I assumed Stefan was wanting to use Signature.from_function() to set __signature__ (as soon as you do that, inspect.signature will do the right thing). At the moment, you would have to build the signature by hand (which was the original intent of the design), but we simply didn't think about projects like Cython that might be providing the full types.FunctionType API without being ordinary function instances. Cheers, Nick. -- Nick Coghlan | ncoghlan@gmail.com | Brisbane, Australia
Nick Coghlan, 08.02.2013 16:20:
On Sat, Feb 9, 2013 at 1:06 AM, Benjamin Peterson wrote:
2013/2/8 Stefan Behnel:
I'm wondering about the purpose of this code in inspect.Signature.from_function():
""" if not isinstance(func, types.FunctionType): raise TypeError('{!r} is not a Python function'.format(func)) """
Is there any reason why this method would have to explicitly check the type of its argument? Why can't it just accept any object that quacks like a function?
The signature() function checks for types.FunctionType in order to call Signature.from_function(). How would you reimplement that?
It should call isfunction() instead of running an explicit type check.

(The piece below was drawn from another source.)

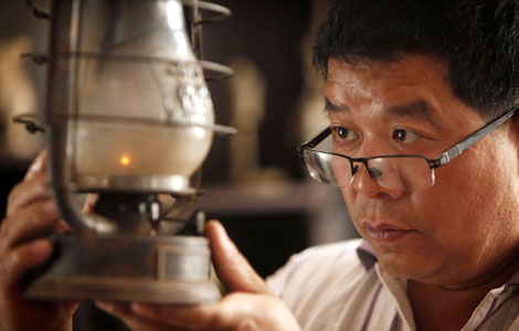 Greek veteran weighlifter Piros Dimas (R) and Chinese gymnast Li Ning light a cauldron with the Olympic Flame inside the marble Panathenaic stadium in Athens, May 17, 2012. [Photo/Agencies] |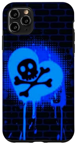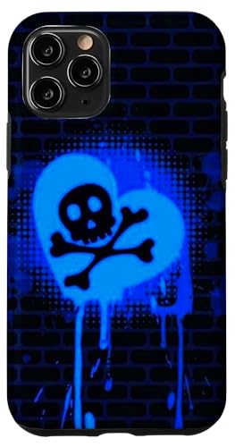 Bombe de Peinture Graffiti Bleu crâne cœur Emo Punk esthétique Coque pour iPhone 11 Pro

I assumed Stefan was wanting to use Signature.from_function() to set __signature__ (as soon as you do that, inspect.signature will do the right thing).
Absolutely. Stefan
On Fri, Feb 8, 2013 at 10:54 AM, Stefan Behnel <stefan_ml@behnel.de> wrote:
Nick Coghlan, 08.02.2013 16:20:
On Sat, Feb 9, 2013 at 1:06 AM, Benjamin Peterson wrote:
2013/2/8 Stefan Behnel:
I'm wondering about the purpose of this code in inspect.Signature.from_function():
""" if not isinstance(func, types.FunctionType): raise TypeError('{!r} is not a Python function'.format(func)) """
Is there any reason why this method would have to explicitly check the type of its argument? Why can't it just accept any object that quacks like a function?
The signature() function checks for types.FunctionType in order to call Signature.from_function(). How would you reimplement that?
It should call isfunction() instead of running an explicit type check.
Isn't it possible now for an object to implement __instancecheck__ and claim to be an instance of FunctionType, anyway? (For that matter, shouldn't there be some ABCs for this?)
PJ Eby, 08.02.2013 19:46:
On Fri, Feb 8, 2013 at 10:54 AM, Stefan Behnel wrote:
Nick Coghlan, 08.02.2013 16:20:
On Sat, Feb 9, 2013 at 1:06 AM, Benjamin Peterson wrote:
2013/2/8 Stefan Behnel:
I'm wondering about the purpose of this code in inspect.Signature.from_function():
""" if not isinstance(func, types.FunctionType): raise TypeError('{!r} is not a Python function'.format(func)) """
Is there any reason why this method would have to explicitly check the type of its argument? Why can't it just accept any object that quacks like a function?
The signature() function checks for types.FunctionType in order to call Signature.from_function(). How would you reimplement that?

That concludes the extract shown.